Recorded data ▸
*****
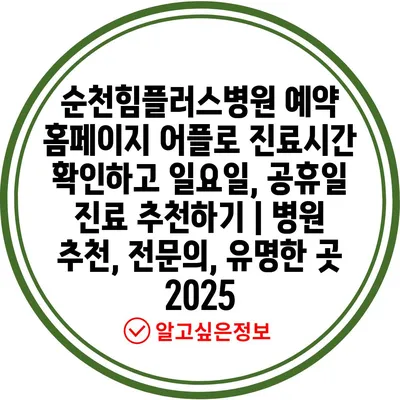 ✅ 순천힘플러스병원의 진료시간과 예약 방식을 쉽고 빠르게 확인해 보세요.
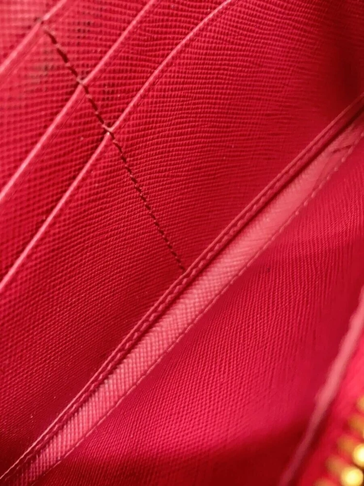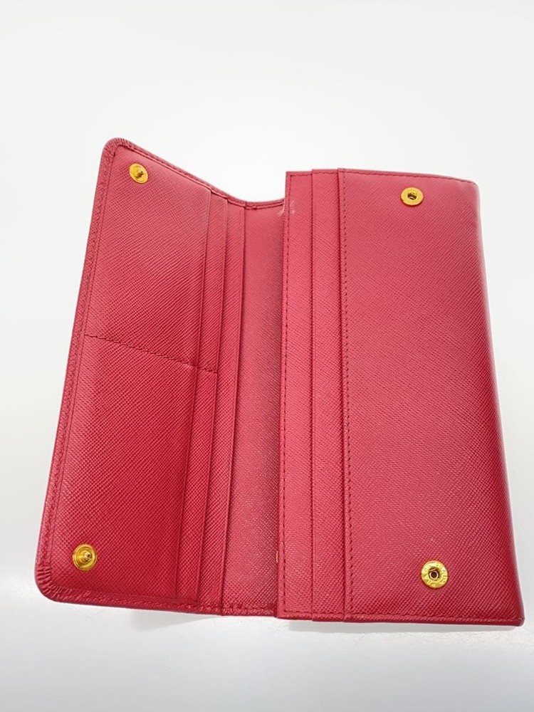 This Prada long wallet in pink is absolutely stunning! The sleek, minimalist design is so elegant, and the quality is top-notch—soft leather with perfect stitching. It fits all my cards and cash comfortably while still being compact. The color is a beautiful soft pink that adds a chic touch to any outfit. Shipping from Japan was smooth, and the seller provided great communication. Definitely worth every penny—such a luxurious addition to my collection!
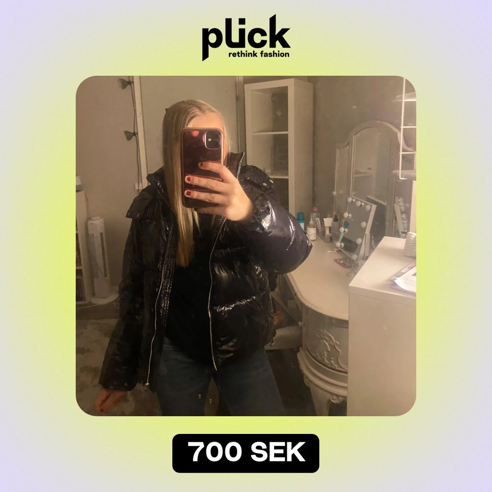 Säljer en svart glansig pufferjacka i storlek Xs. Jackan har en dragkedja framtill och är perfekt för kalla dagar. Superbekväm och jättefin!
*****
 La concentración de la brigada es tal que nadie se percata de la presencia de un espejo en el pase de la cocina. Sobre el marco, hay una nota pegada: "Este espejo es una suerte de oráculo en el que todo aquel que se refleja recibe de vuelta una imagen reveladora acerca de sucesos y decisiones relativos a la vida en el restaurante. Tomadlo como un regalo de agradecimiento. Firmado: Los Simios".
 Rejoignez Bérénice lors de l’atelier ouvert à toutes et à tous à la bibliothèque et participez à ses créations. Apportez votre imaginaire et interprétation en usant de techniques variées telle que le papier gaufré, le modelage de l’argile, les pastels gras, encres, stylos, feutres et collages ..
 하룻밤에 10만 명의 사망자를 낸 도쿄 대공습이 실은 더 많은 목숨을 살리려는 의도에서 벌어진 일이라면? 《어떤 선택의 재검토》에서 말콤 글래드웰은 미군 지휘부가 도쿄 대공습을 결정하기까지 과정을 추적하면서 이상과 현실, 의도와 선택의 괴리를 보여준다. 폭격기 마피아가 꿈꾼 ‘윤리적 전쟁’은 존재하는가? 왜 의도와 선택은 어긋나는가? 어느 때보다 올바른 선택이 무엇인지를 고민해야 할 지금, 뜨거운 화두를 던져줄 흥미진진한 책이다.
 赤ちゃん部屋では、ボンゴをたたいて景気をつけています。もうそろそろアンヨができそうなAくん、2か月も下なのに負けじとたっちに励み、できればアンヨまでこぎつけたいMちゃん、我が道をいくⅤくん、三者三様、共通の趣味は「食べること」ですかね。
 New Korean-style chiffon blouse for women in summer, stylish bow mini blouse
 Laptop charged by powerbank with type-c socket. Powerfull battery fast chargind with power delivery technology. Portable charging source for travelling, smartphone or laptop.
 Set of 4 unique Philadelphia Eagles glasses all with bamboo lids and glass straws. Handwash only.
*****
Activity ▸ Above are some records; copy exactly the lines from the one with "赤ちゃん部屋では、ボンゴをた" through the one with "Set of 4 unique", both included, and no others.

Answer to the exercise ▸
 赤ちゃん部屋では、ボンゴをたたいて景気をつけています。もうそろそろアンヨができそうなAくん、2か月も下なのに負けじとたっちに励み、できればアンヨまでこぎつけたいMちゃん、我が道をいくⅤくん、三者三様、共通の趣味は「食べること」ですかね。
 New Korean-style chiffon blouse for women in summer, stylish bow mini blouse
 Laptop charged by powerbank with type-c socket. Powerfull battery fast chargind with power delivery technology. Portable charging source for travelling, smartphone or laptop.
 Set of 4 unique Philadelphia Eagles glasses all with bamboo lids and glass straws. Handwash only.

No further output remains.